Here is another example: Some people tend to get the MOST out of their database. Yes, from a performance point of view, a binary sort order or case sensitive collation will perform faster, but only at the expense of the usability. Think about a user searching your table for the phrase "fish and chips", and not being able to find a match, just because, that phrase is actually stored in the database as "Fish and Chips". If this happens to be a database serving an online catalog, you will lose some sales as well. One way of avoiding this problem would be, to store everything in lower case, and covert user input to lower case before comparing with the table data. Too much hassle, isn't it? I wouldn't recommend this approach. Not worth the performance you gain.

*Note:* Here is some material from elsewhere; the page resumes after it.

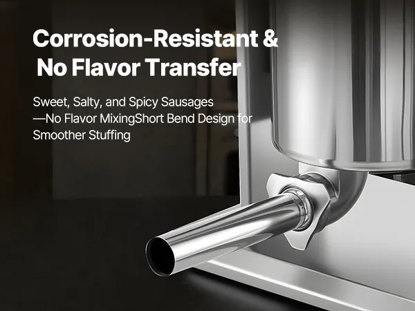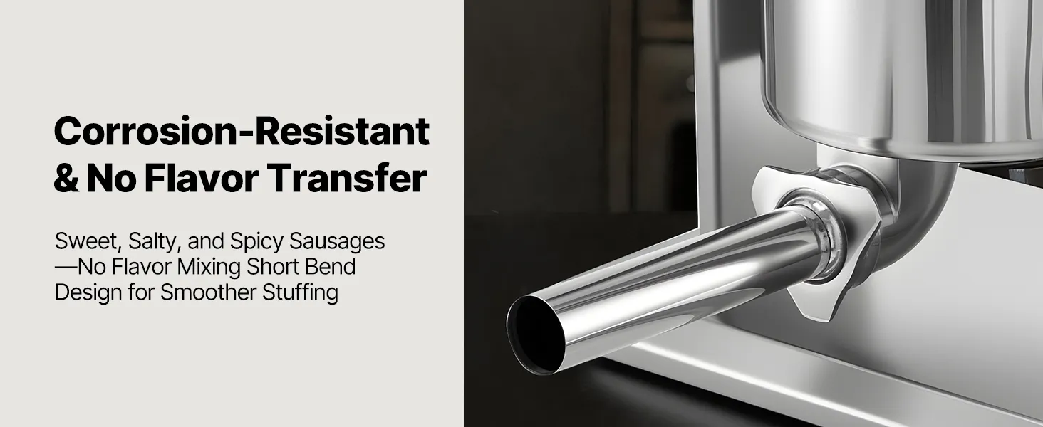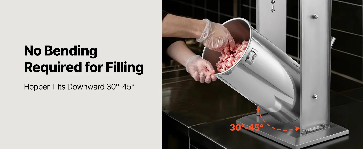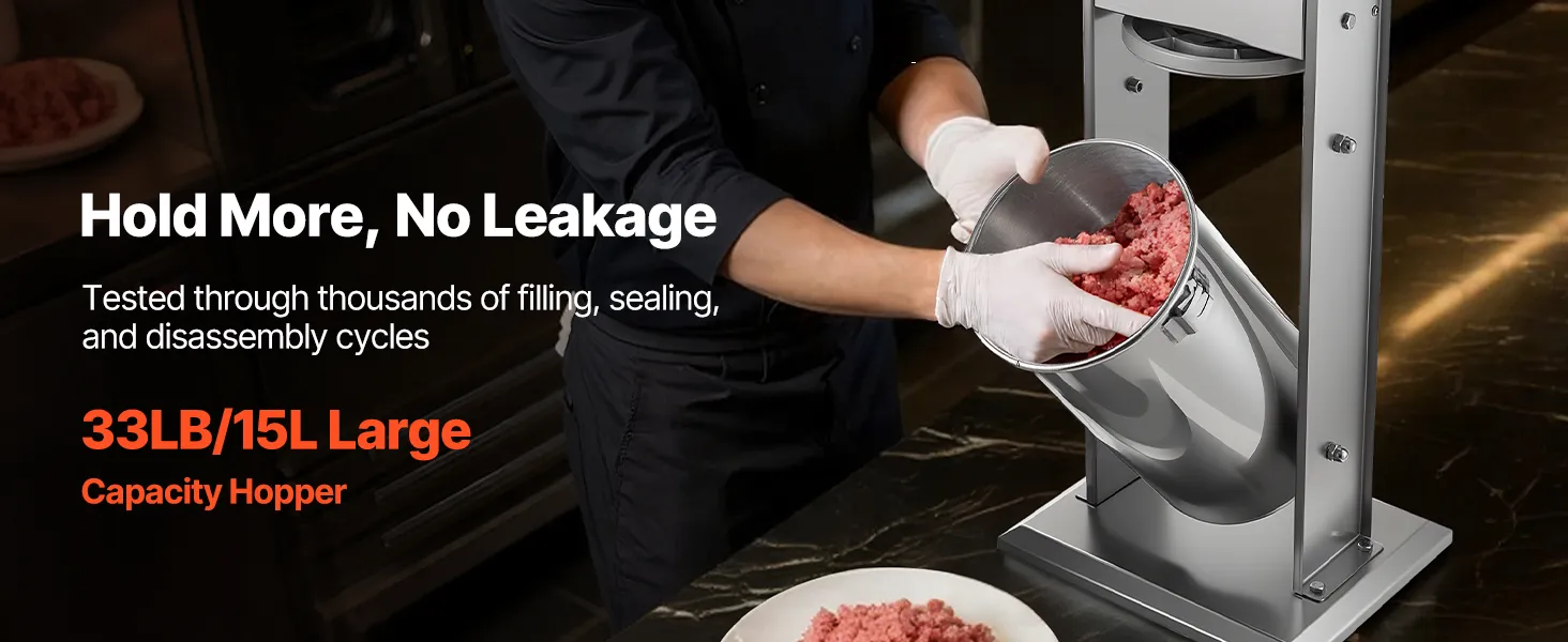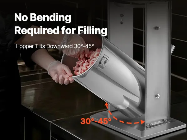 Generous Capacity: The tilting barrel of this meat stuffer can hold up to 33 lbs / 15 L of meat. Ideal for producing larger batches at once, it reduces the need for constant refilling. The barrel, tubes, frame, and base are all crafted from stainless steel for long-lasting, rust-resistant use

Here are some methods you can employ for case sensitive searching in SQL Server:
All the examples in this article, are based on the following table and data. Requirement is to implement case sensitive search for CustID and CustPassword columns:
CREATE TABLE dbo.Customers
(
CustID char(8) NOT NULL PRIMARY KEY CLUSTERED,
CustPassword varchar(15) NOT NULL,
CustName varchar(25) NOT NULL,
CustEmail varchar(60) NOT NULL,
CustAddress varchar(100) NOT NULL
)
GO
INSERT INTO dbo.Customers VALUES('USA00001', 'TheUnbreakable', 'John', 'John.Smith@SomeDom.com', '10932,Bigge Rd., Menlo Park, CA')
INSERT INTO dbo.Customers VALUES('USA00002', 'ABCxyz012789', 'Heather', 'HGraham@SomeDom.com', '18 Broadway Av. San Francisco, CA')
INSERT INTO dbo.Customers VALUES('EUR00001', 'MagicNSparkle', 'Vyas', 'VyasKN@SomeDom.com', '18 Grove Mead, Herts, AL09 7JK, UK')
INSERT INTO dbo.Customers VALUES('ASA00001', 'aAbBcCXyZ', 'Franklin', 'FMayer@SomeDom.com', '22 Main Street, Singapore')
INSERT INTO dbo.Customers VALUES('OZ000001', 'DOWNundah', 'Steve', 'SWaugh@SomeDom.com', '321, Cricket Way, Melbourne, Australia')
--NOTE: I omitted the VALUES list in the above INSERT statements, for simplicity. --This is not a best practice, and you should always include a VALUES list in your INSERT statements.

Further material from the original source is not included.